Around here, we have sidings that go to a business, sometimes separate from & curving off of the main line. Should the railroad be responsible to remove that crossing if that customer goes out of business/switches to trucking? Should the railroads raise their rates/require a surety bond from the customer in case they stop using the railroad? What if the customer temporarily shuts down due to supply chain issues or flood/fire damage. It could take a year or two to rebuild after a bad fire. That’s if they even do rebuild, after all insurance is settled, the company could decide to move that business somewhere else or sell that division off.

::snicker:: Okay, & just where are you proposing all of the money comes from for eminent domain proceedings to take all of those houses & business to make your ideal sight lines. While a lot of the urban/suburban crossings that I can think of have lights &/or gates, they got shite for sight lines

As someone else stated, some rural crossings don’t have power, you not only want those crossings powered but to be on two separate circuits or have maintained battery backups?

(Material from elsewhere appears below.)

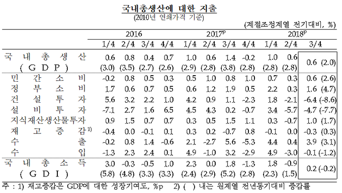 투자 중에서 건설투자 증가율은 건물과 토목건설이 모두 줄며 지난 2분기 -2.1%에서 3분기 -6.4%로 내려앉았다. 이는 지난 1998년 2분기(-6.5%) 이후 약 20년 만에 가장 낮은 수준이다.
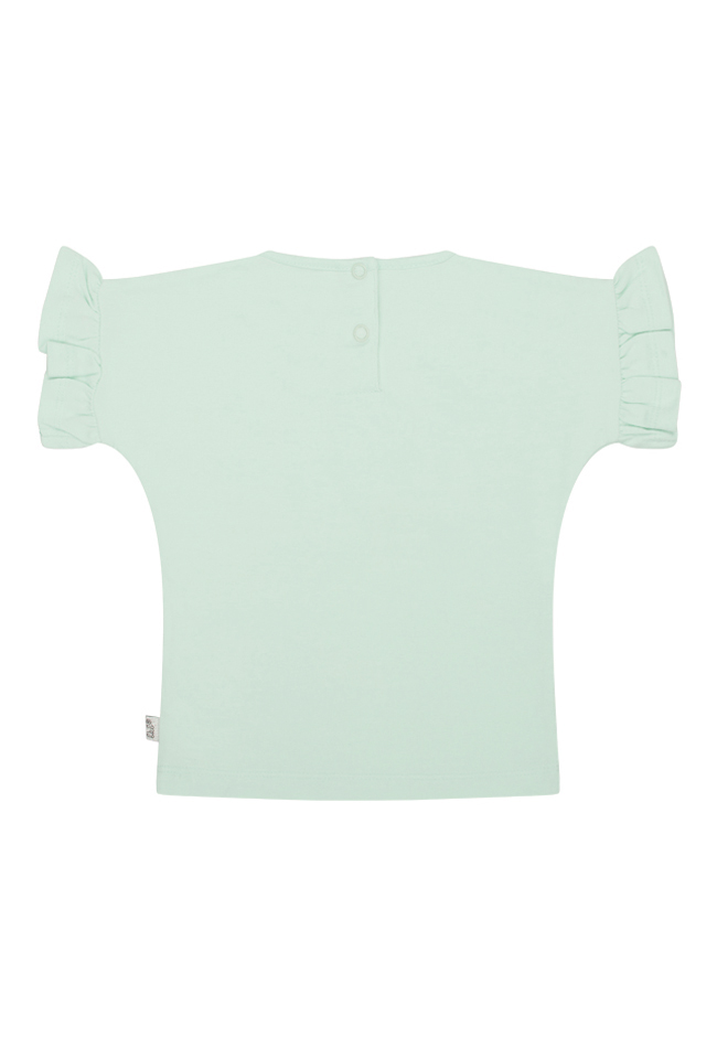 T-shirt met ruffel mouwen van Bakkaboe. Dit zomerse t-shirt is verkrijgbaar in drie kleuren. Op de voorkant zit een geplaatste flamingoprint. Het t-shirt heeft een ronde hals, en de kleinste maten hebben achterop knoopjes bij de hals.

You do realize if a car/truck part got caught under a train, it could become dislodged, catch on a RR tie & then cause a train derailment up the tracks somewhere, where it’s much harder to fix/remove passengers because it’s now in a remote area, or that a brake line isn’t damaged, which will prevent the train from stopping at the end of the line. I’ve seen people back over a curb-height cement parking lot ‘tie’; they weren’t required to stop because nothing else was damaged, yet when they tried to reverse direction, the bumper now got caught & ripped off the car. I can tell you if I’m in any type of accident I’d walk a walkaround to make sure all is safe before driving off, & I’d damn sure want any transit agency carrying me to do the same

US-13, along MD’s Eastern Shore has a RR parallel it; pretty much every crossing has this sign alerting trucks to the clearance issue.

Not familiar with this term… and it seems to apply to any crossing… what would a non-level crossing look like?